The examining physician had now reached Penny. Like a true specialist, he kept his eyes directed downward. Feet were the only things which concerned him. Now, as he slipped the ruler under Penny’s instep, his eyebrows shot upwards. “Well, you’re certainly not flat-footed,” he observed. “I’ve never seen such a well-developed arch on a man.”

 “It must come from wearing high heels,” Penny grunted.

 “It must come from wearing high heels, sir!” the doctor chastised her. “I am a reserve officer in the armed forces of the United States of America, and you might as well get used right now to treating rank with the respect it commands!”

 “I didn’t know you were rank. I’m sorry, sir,” Penny apologized.

 “All right, then.” The doctor was mollified. “Now, about these high heels. How come, soldier? What are you, from Texas or something?”

 “No, sir.”

 “Well, I suppose it’s really your business. But it’s making your toes curl, you know.” The doctor stood up and left the examining room.

 As soon as he was gone, the six prospective inductees straightened up. But not for long. Another doctor replaced the first and barked out the inevitable order. “Bend over!” The six bent and struggled to touch their toes once again.

 “Spread your cheeks!” the doctor commanded.
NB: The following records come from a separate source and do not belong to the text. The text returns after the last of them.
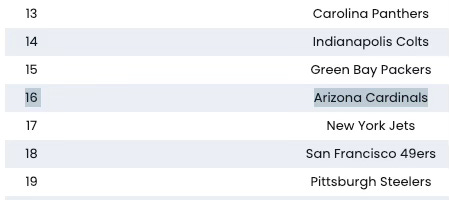 Case in point, I want to compare for you the “30th-ranked” Seahawks offensive line with an offensive line from the middle that I chose at random off of this list from FantasyPros.com: I’m going with the “16th-ranked” Cardinals.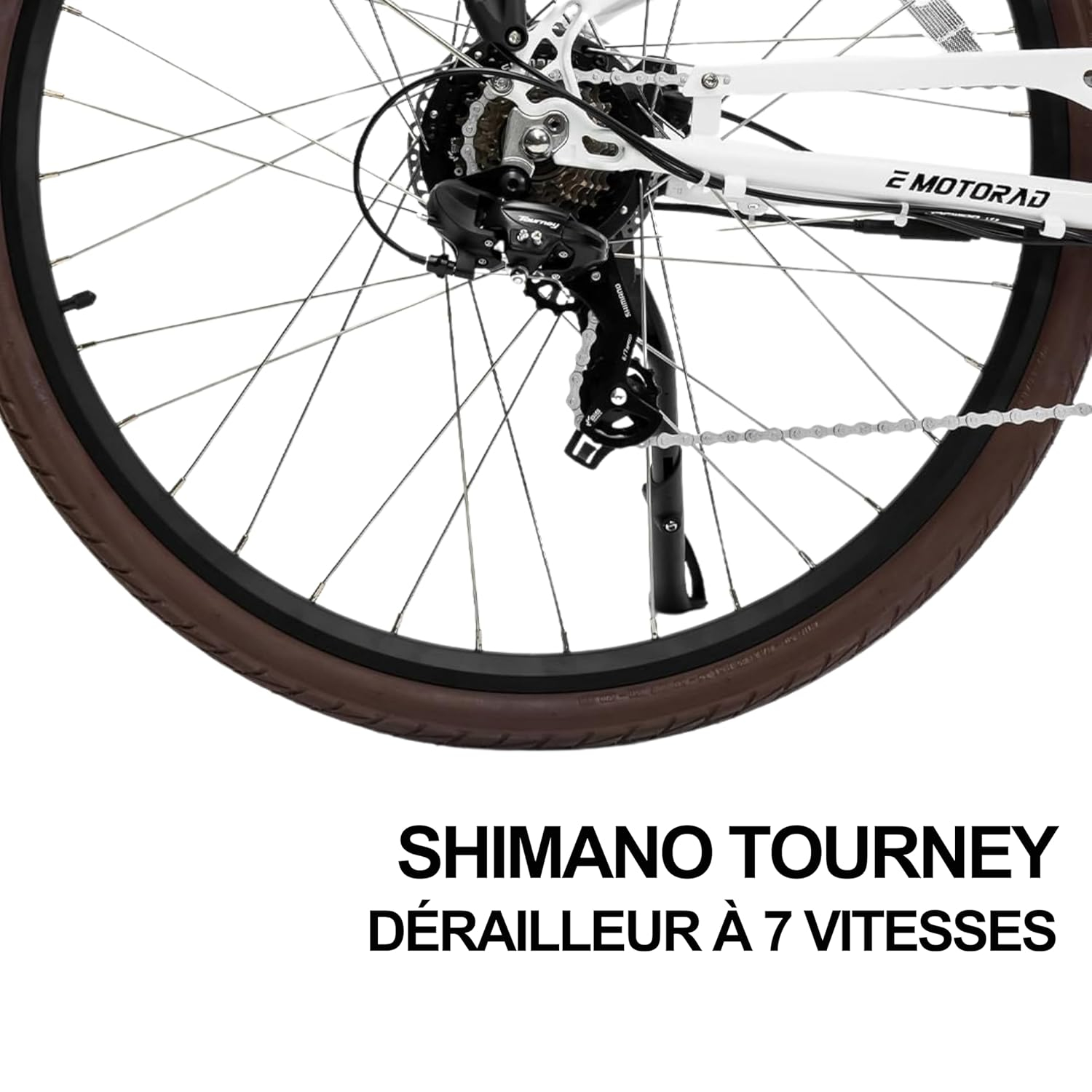 Équipé d’un dérailleur Shimano à 7 vitesses, notre vélo assure des changements de vitesse précis et réactifs. Que vous rouliez en montée ou sur terrain plat, vous trouverez toujours le réglage idéal pour un confort de conduite optimal.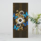 Composição do relógio de aço redondo com discagem numérica romana preta, decorado com engrenagens de ouro e latão, borboletas morfo azuis e lentes danificadas sobre fundo listrado castanho. Estilo Steampunk.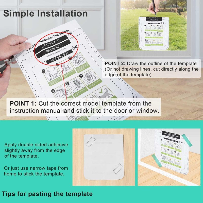 - Simple Installation - Package includes detailed instructions(with templates on), 8 screws and their caps, double-sided tapes. You can cut the template off and install the cat door for sliding glass door easily.

 He fit a sort of elongated monocle into one eye, stooped over, and started down the line. The fourth man brought him up short. He peered. He stepped back. He removed the eyepiece. He polished it with his handkerchief. He bent over and peered once again. “Good Lord!” he exclaimed aloud. He bolted from the room.

 A moment later he returned, another doctor hurrying along behind him. “It’s this man here,” the first doctor pointed. “It’s unbelievable.”
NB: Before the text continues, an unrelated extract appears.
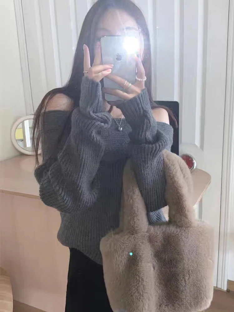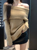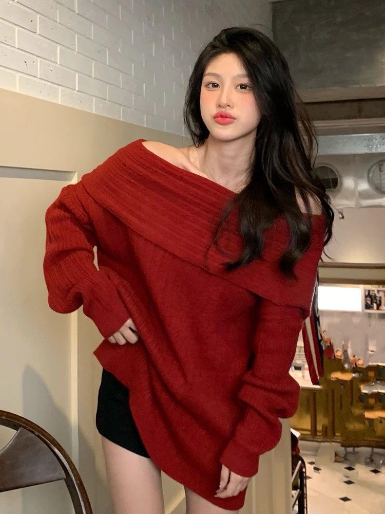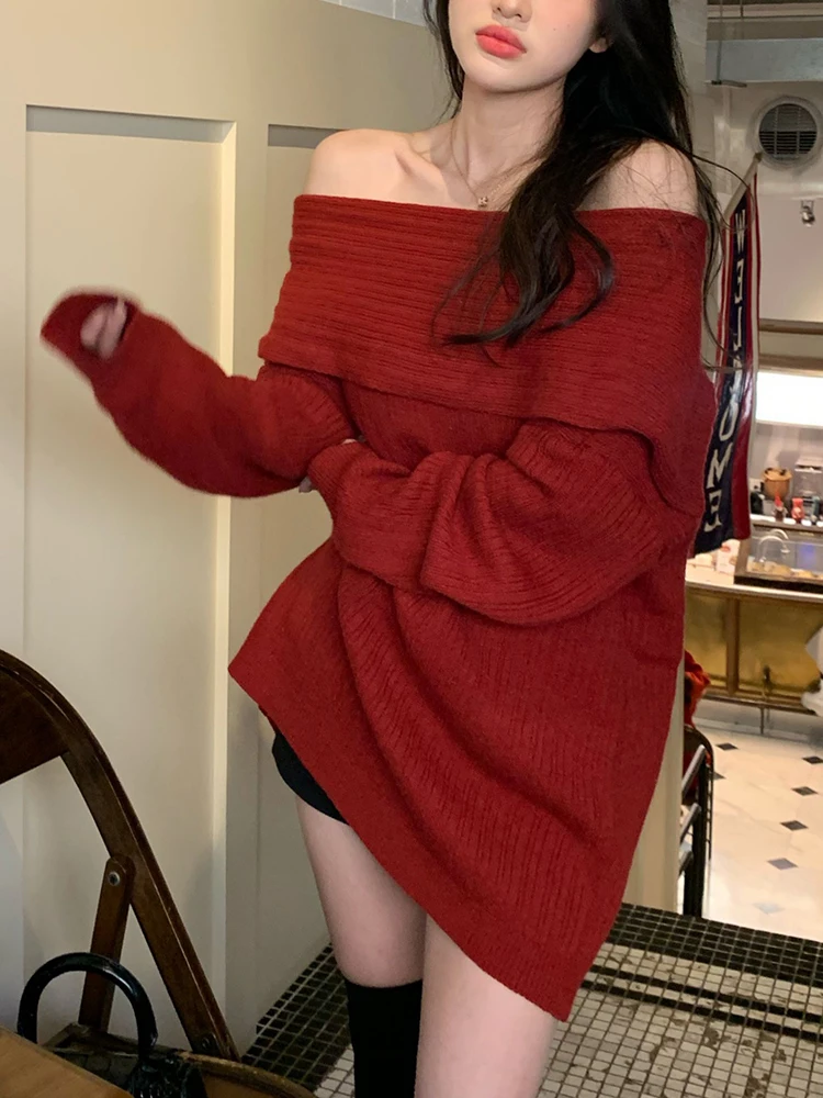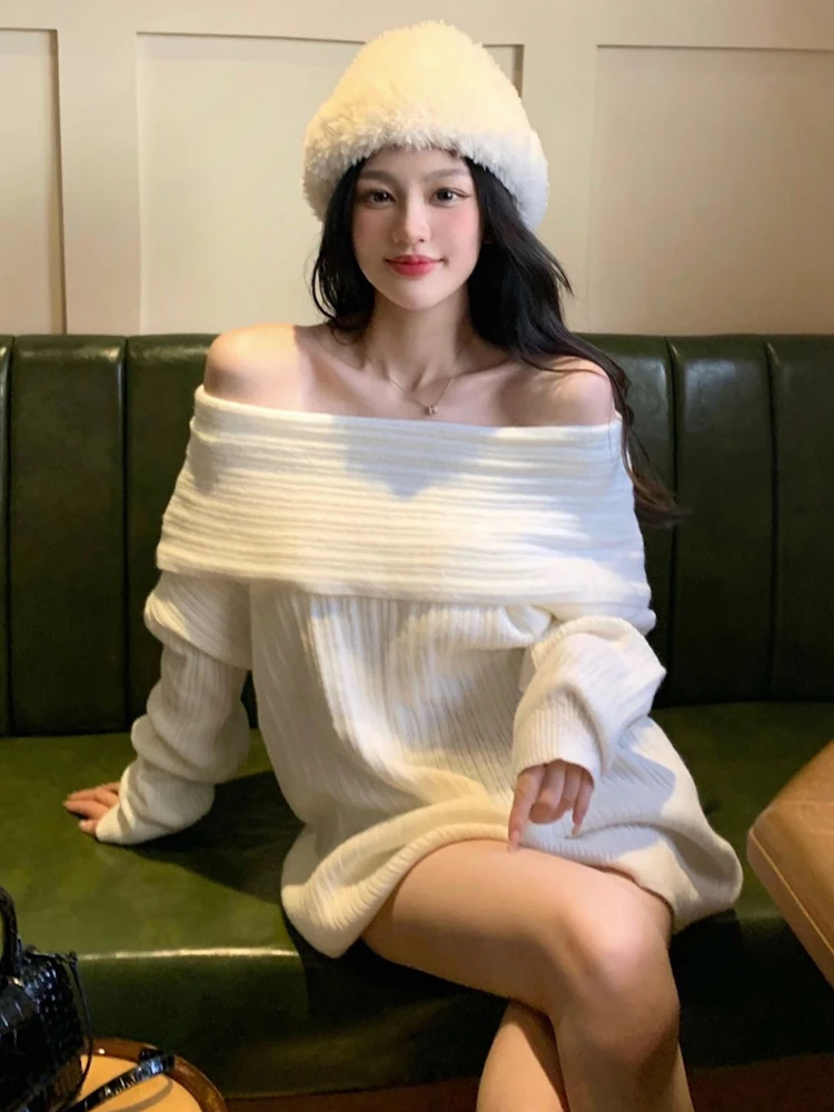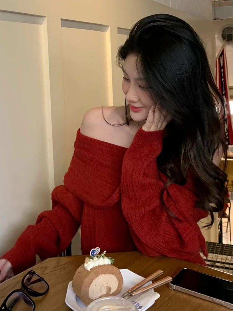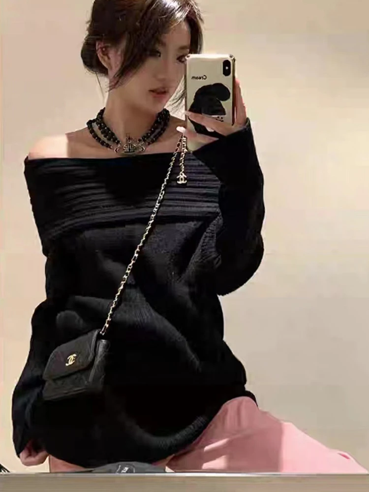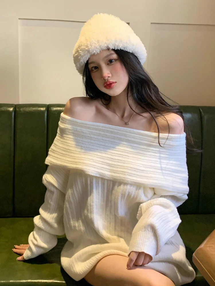 Sexy Off Shoulder Sweater Women Long Sleeve Loose Top Fashion Gentle Elegant Knitwear Pullover Autumn Winter Female New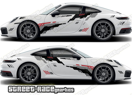 Porsche 911 large side graphics. A perfect addition to your track-day car. These graphics will also fit other similar-sized 911 variants such as the Porsche 992, 991, 997 and 916.

 “You must be seeing things, Dudley,” the second doctor remarked. He stooped over, fitted in his eyepiece, and looked for himself. “My God! You’re right!”

 “I told you.”

 “I was sure you were having a delusion. As a matter of fact, maybe we’re both having a delusion. We’d better call Louis in on this.” The second doctor scurried out and returned with a third doctor. “Look for yourself,” he was saying as he led the third physician over to the man. “Then tell me what you see!”
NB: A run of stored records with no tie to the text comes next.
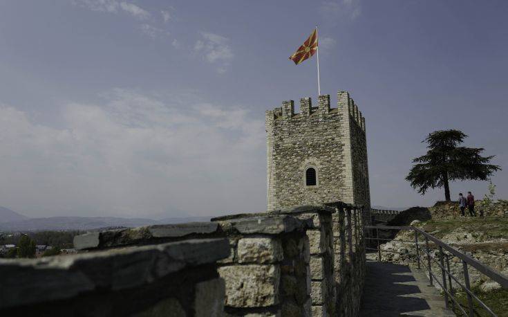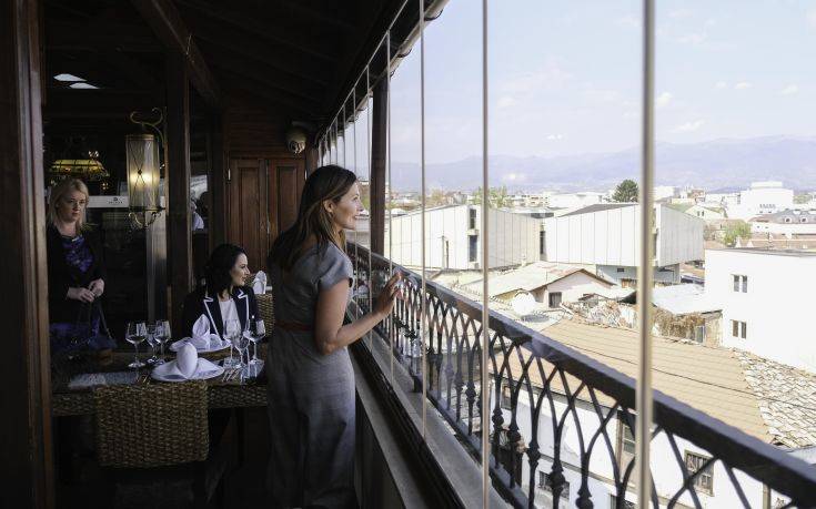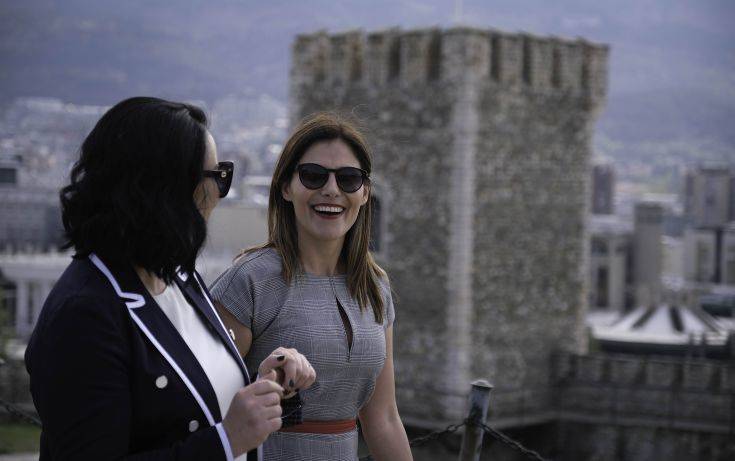 Η Μπέτυ Μπαζιάνα επισκέφθηκε το μεσημέρι το κάστρο των Σκοπίων, όπου την υποδέχτηκε η σύζυγος του Ζόραν Ζάεφ, Ζόριτσα Ζαέβα.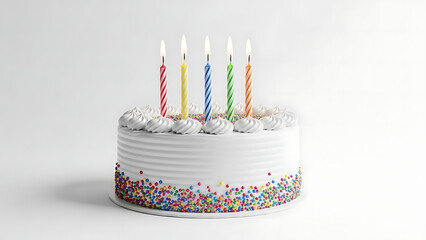 Festive Birthday Cake: A delightful birthday cake, adorned with vibrant candles and colorful sprinkles, symbolizes celebration and joy, inviting you to partake in the moment.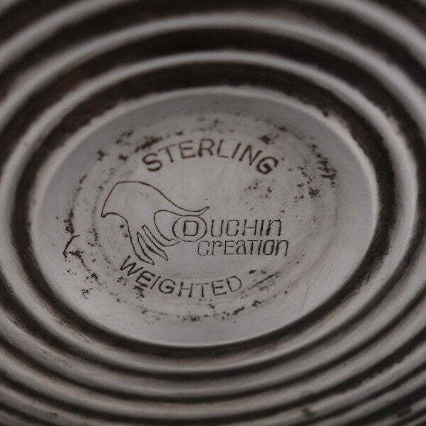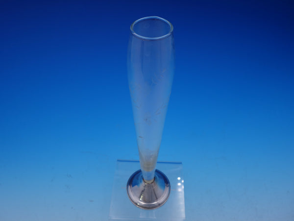 Beautiful Duchin Creations bud vase ith etched glass and weighted sterling base. It measures 10" tall x 2 1/2". It is not monogrammed and is in excellent condition.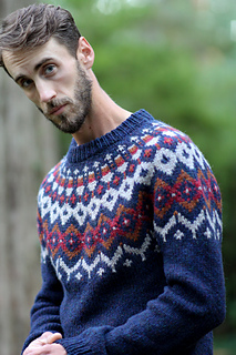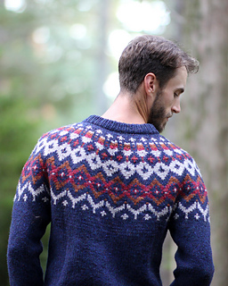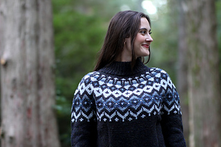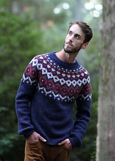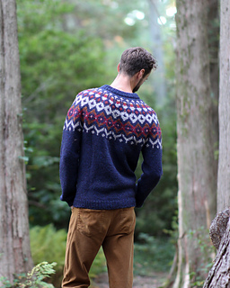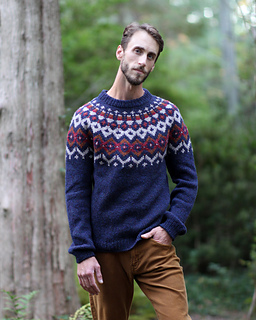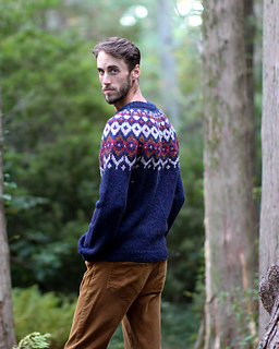 This unisex sweater is worked from the top down, featuring menswear and womenswear modifications, including tapered menswear waist shaping and two collar finishing options.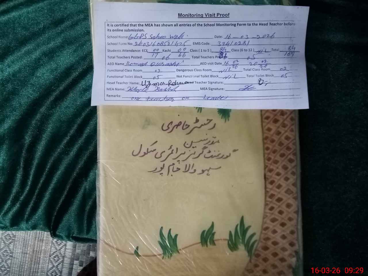 | Attendance Register | Head Teacher | MEA with School | Visit Proof |

 The third doctor stooped, peered, blanched and straightened. “I’ll be damned!” he said.

 “What did you see?” the first doctor asked him.

 “Another eye!” the third doctor admitted. “Staring straight back at me!”

 “That’s what I saw,” the first doctor said.

 “Me too,” the second doctor concurred.

 “I thought I was seeing things,” the first doctor said.

 “Me too.”

 “Well, you weren’t,” the third doctor reassured them. “It’s an eye, all right. A blue eye. And it stared straight hack at me without blinking!”

 “Excuse me, sirs.” The man they were examining twisted his head over his shoulder. “I think I can explain—”

 “Silence!” the first doctor thundered. “You are in the presence of officers, and we did not give you permission to speak!” He knelt for another look.